Staffin Dinosaur Museum

Just above the road in the crofting village of Staffin, the Dinosaur Museum occupies a simple former schoolhouse—a plain building of stone and slate that’s easy to miss if you’re not looking for it. Inside, it holds one of the island’s more unusual collections: fossilised bones, teeth, and footprints, many of which were discovered nearby. Some finds are embedded in rock slabs; others sit in glass cases, annotated by hand with the names of sites like Brothers’ Point or An Corran.

The museum was established in the 1970s by local collector and expert Dugald Ross, who has spent decades uncovering Skye’s fossil record and preserving it piece by piece. His work has helped bring international attention to the island’s Middle Jurassic heritage—much of it found within walking distance of the building. Though compact, the museum gives a sharp sense of context before heading out to the coast: not just what to look for, but why it matters.

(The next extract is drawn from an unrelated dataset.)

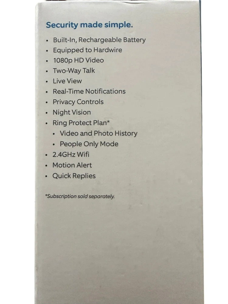 Number of Batteries: 1 Compatible Brand: Ring Year Manufactured: 2020 Item Width: 2.5 in Internet Connectivity: WiFi Item Weight: 0.5 lb Item Length: 1.5 in Chipset/GPU Model: 8VR1S7-0EN0 Battery Included: Yes Personalize: No Items Included: Battery, Mounting Bracket, Screws UPC: 852239005550 Material: Nickel Style: Modern MPN: 8VR1SZSEN0, 8VRASZ-SEN0, XOFGPY8C, 53-023184, 8VR1SZ-SEN0 Button Shape: Round Model: Ring 8VR1SZ-SEN0 Type: Wi-Fi Manufacturer Warranty: NONE Finish: Matte gtin13: 852239005550 Connectivity: Wireless Storage Capacity: Cloud Storage Power Source: Wi-Fi Brand: Ring Color: Satin Nickel Shape: Rectangle Suitable For: Home, School, Shop Chipset Manufacturer: Ring Features: Wi-Fi Connectivity Button Material: Metal

There are no touchscreens or crowd-pleasing gimmicks. The focus here is on real objects and clear explanations—how a vertebra connects to a limb, how a print might have been made. It’s the kind of place that quietly rewards those who take their time.

Opening hours can vary and are worth checking in advance, particularly outside the summer months. If it’s open, it’s well worth the short stop. It sets the tone for what’s to come—not in a staged or grand way, but in detail, in patience, and in proximity. A few minutes down the road, you’ll reach the turnoff for Brothers’ Point.

4
7 mins

Kilt Rock and Mealt Falls

The road climbs slightly as it skirts the coast, then dips into a lay-by that serves one of Skye’s most striking viewpoints. A small car park sits just above the cliffline, with a metal-railed platform offering a direct view over the sea and a vertical drop that seems to appear without warning.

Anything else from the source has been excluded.